■ **Study material**
-- Opening Marker --

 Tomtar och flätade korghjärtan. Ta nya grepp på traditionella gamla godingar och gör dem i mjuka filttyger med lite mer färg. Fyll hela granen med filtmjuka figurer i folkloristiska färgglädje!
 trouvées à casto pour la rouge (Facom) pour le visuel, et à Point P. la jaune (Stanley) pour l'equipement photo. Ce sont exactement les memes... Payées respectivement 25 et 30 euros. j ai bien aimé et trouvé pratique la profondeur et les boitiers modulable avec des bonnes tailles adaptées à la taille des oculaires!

-- Closing Marker --
-- Opening Marker --

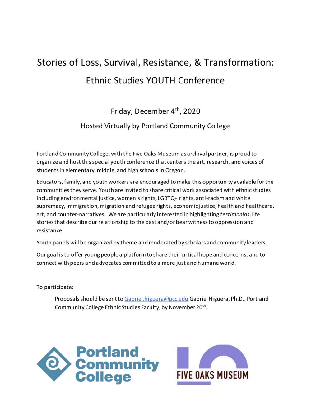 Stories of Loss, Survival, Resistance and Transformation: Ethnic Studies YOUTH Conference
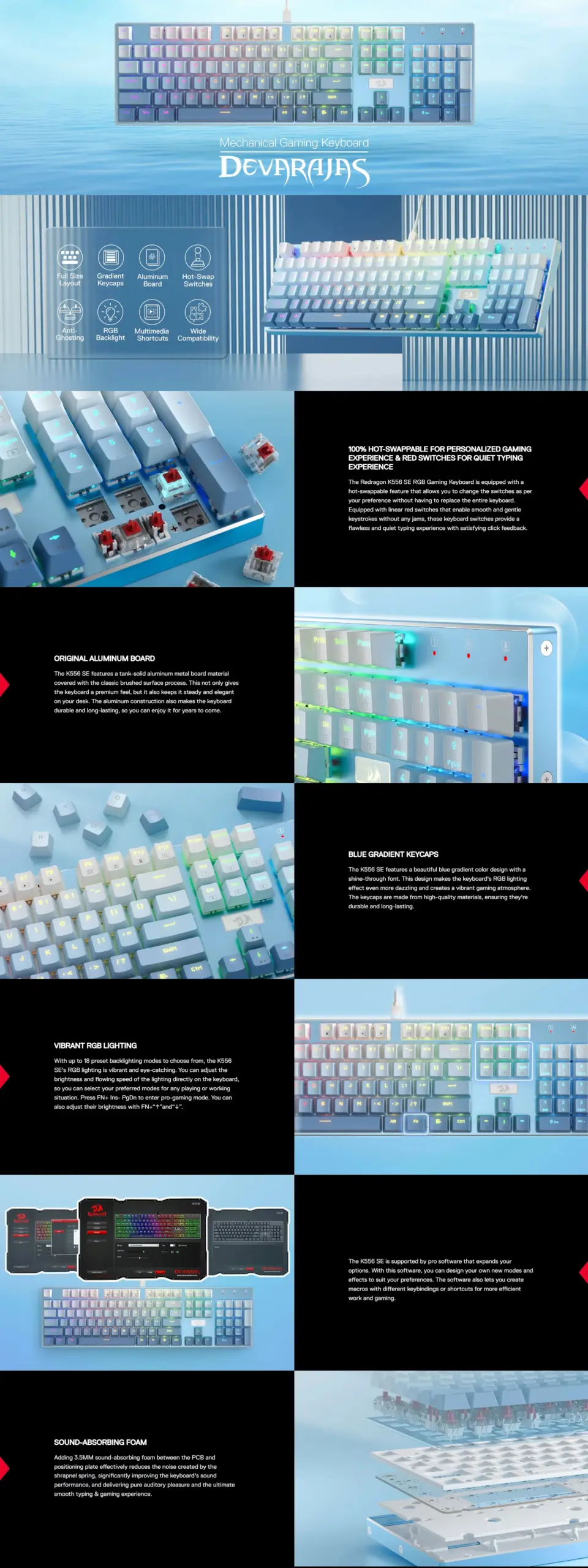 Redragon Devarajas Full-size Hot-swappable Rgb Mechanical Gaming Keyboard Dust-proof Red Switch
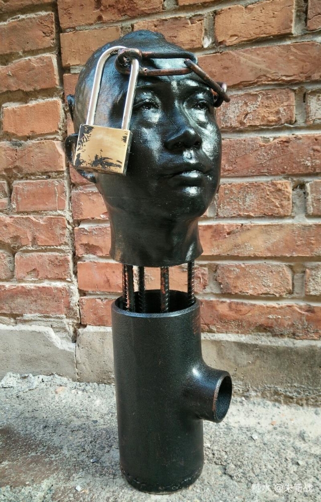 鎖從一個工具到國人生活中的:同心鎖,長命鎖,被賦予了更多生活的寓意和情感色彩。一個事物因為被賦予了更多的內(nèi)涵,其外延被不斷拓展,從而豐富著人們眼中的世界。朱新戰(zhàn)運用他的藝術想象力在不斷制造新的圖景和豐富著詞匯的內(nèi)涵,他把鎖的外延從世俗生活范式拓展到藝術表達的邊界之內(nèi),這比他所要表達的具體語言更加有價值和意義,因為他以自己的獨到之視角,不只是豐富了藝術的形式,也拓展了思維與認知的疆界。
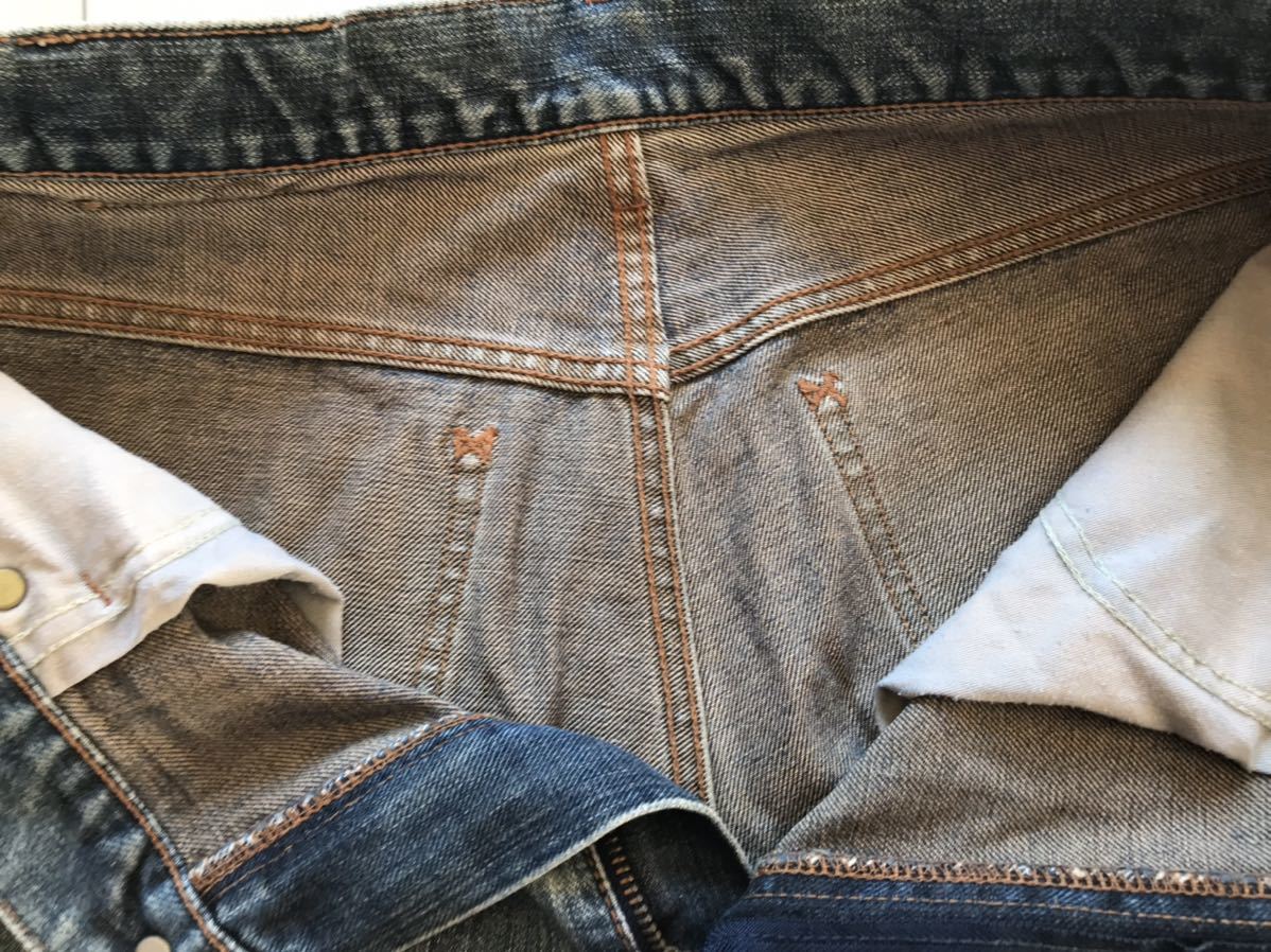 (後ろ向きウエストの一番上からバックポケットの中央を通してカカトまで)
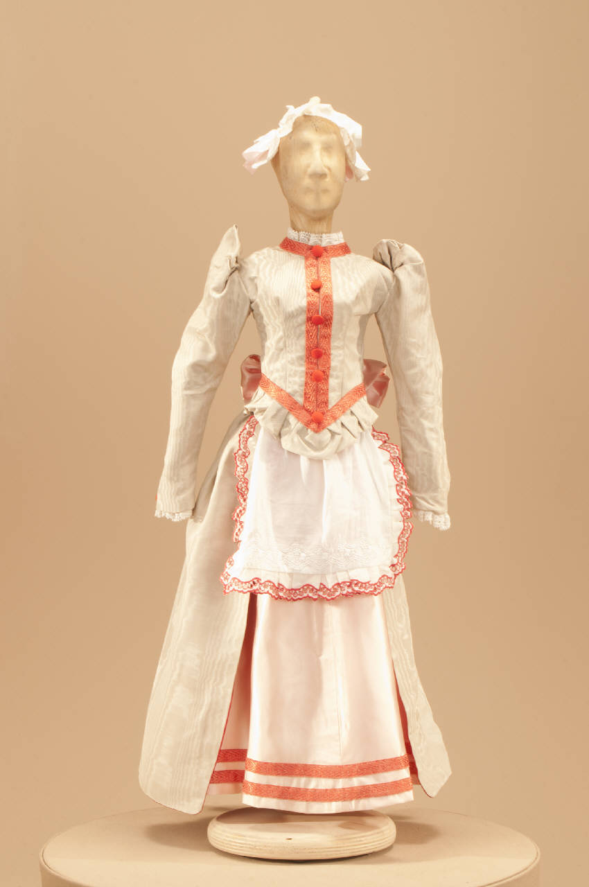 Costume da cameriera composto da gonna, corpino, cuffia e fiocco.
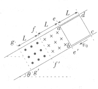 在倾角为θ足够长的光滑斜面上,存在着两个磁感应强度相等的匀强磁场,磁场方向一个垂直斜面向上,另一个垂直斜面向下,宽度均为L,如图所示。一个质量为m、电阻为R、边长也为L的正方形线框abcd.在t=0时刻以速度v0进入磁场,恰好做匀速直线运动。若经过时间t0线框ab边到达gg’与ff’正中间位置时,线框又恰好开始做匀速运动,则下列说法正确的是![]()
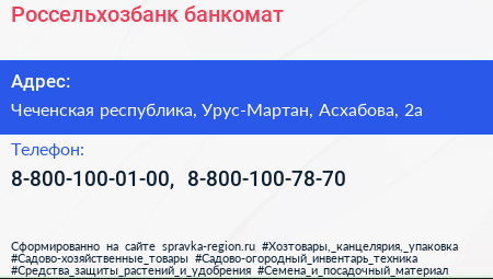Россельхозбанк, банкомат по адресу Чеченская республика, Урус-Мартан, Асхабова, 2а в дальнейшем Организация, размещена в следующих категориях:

-- Closing Marker --
-- Opening Marker --

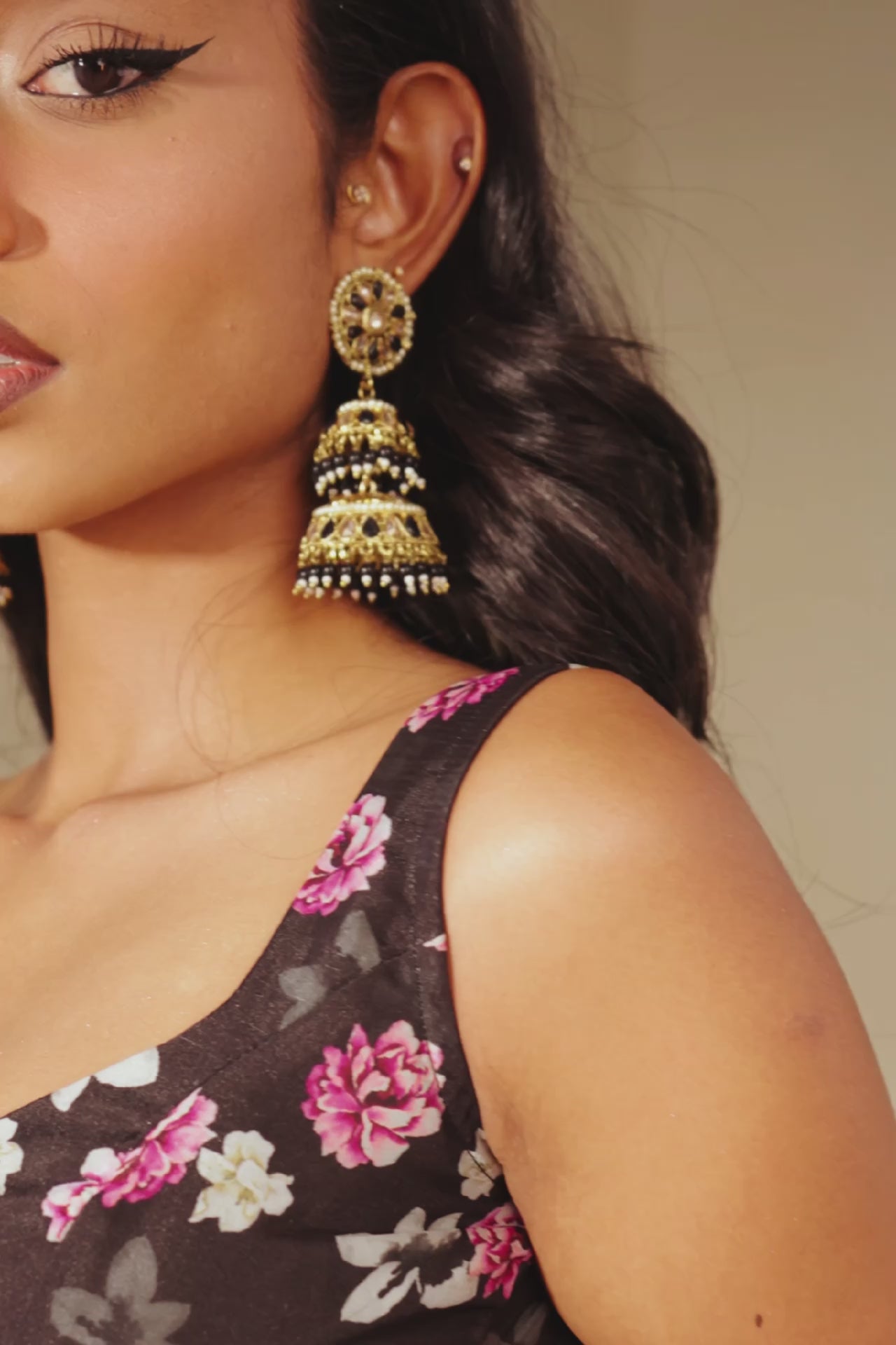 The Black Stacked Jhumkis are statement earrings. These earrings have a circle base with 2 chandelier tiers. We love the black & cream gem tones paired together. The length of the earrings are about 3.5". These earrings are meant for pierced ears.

-- Closing Marker --

■ **Action item**
In the listing above, find the line containing "Stories of Loss, Survival, Resistance" and the line containing "Redragon Devarajas Full-size", then output those two lines and everything between them exactly as written, without the images.

■ **Answer below**
 Stories of Loss, Survival, Resistance and Transformation: Ethnic Studies YOUTH Conference
 Redragon Devarajas Full-size Hot-swappable Rgb Mechanical Gaming Keyboard Dust-proof Red Switch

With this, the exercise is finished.